Return the data exactly, apart from leaving out the pictures.

**PROVIDED MATERIAL:**
□ □ □ □ □

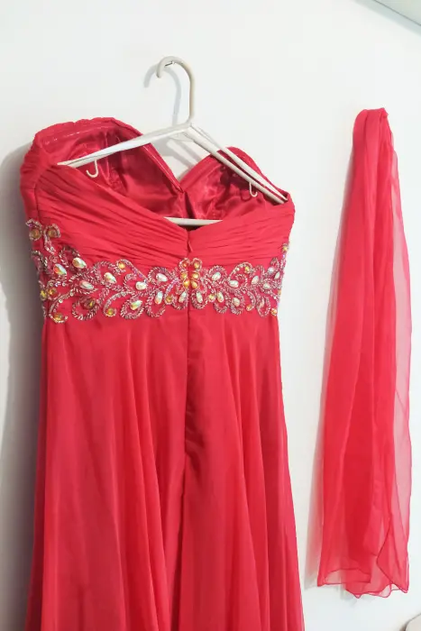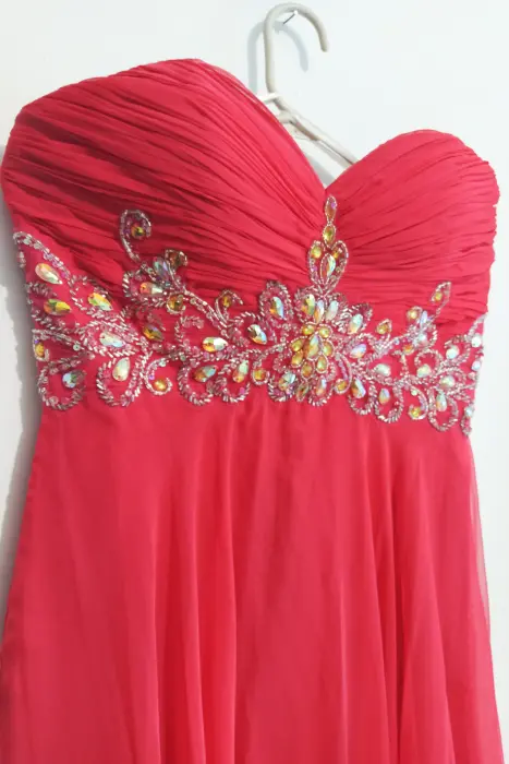 Vestido elegante para fiesta de noche, graduación, boda, xv, etc.Color coral. Talla 12Medidas: Pecho: 45 cm (frente) 40 cm (detrás), Cintura: 40 cm (frente) 37 cm (detrás), Largo: 138 cmSi te interesan varias prendas de mi closet puedo armarte un paquete según tus preferencias 💖
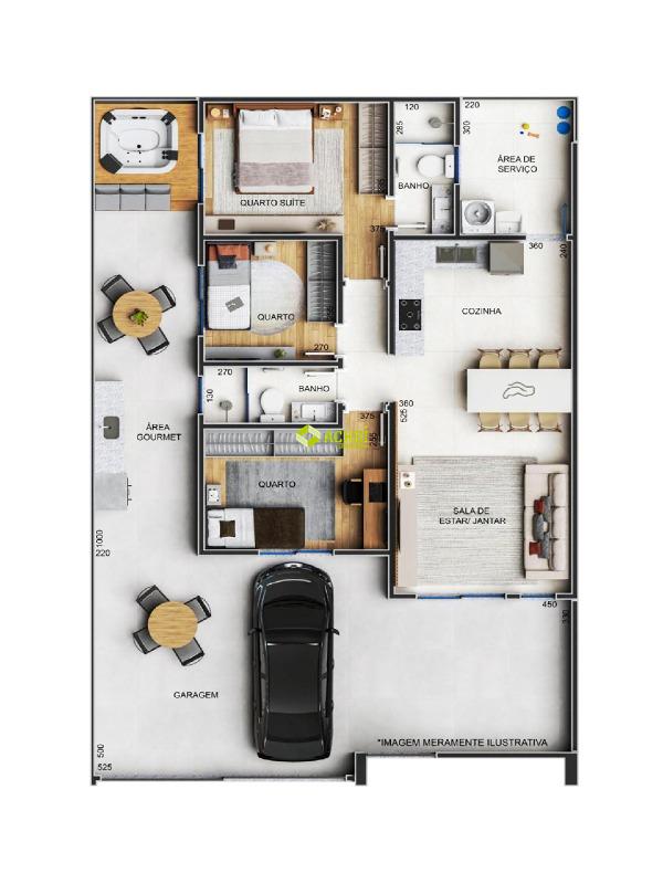 Casa com 03 quartos sendo 01 suíte, sala com pé direito duplo, varanda, banho social, cozinha, varanda gourmet com churrasqueira, área privativa e área de serviço. Imóvel com piso em porcelanato. Vagas de garagem cobertas e paralelas para 02 veículos. PREVISÃO DE ENTREGA 05/2025
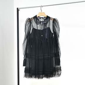 赫本风丝绒小黑裙2021早秋新款收腰显瘦中长款灯笼...

□ □ □ □ □

**SOLUTION:**
 Vestido elegante para fiesta de noche, graduación, boda, xv, etc.Color coral. Talla 12Medidas: Pecho: 45 cm (frente) 40 cm (detrás), Cintura: 40 cm (frente) 37 cm (detrás), Largo: 138 cmSi te interesan varias prendas de mi closet puedo armarte un paquete según tus preferencias 💖
 Casa com 03 quartos sendo 01 suíte, sala com pé direito duplo, varanda, banho social, cozinha, varanda gourmet com churrasqueira, área privativa e área de serviço. Imóvel com piso em porcelanato. Vagas de garagem cobertas e paralelas para 02 veículos. PREVISÃO DE ENTREGA 05/2025
 赫本风丝绒小黑裙2021早秋新款收腰显瘦中长款灯笼...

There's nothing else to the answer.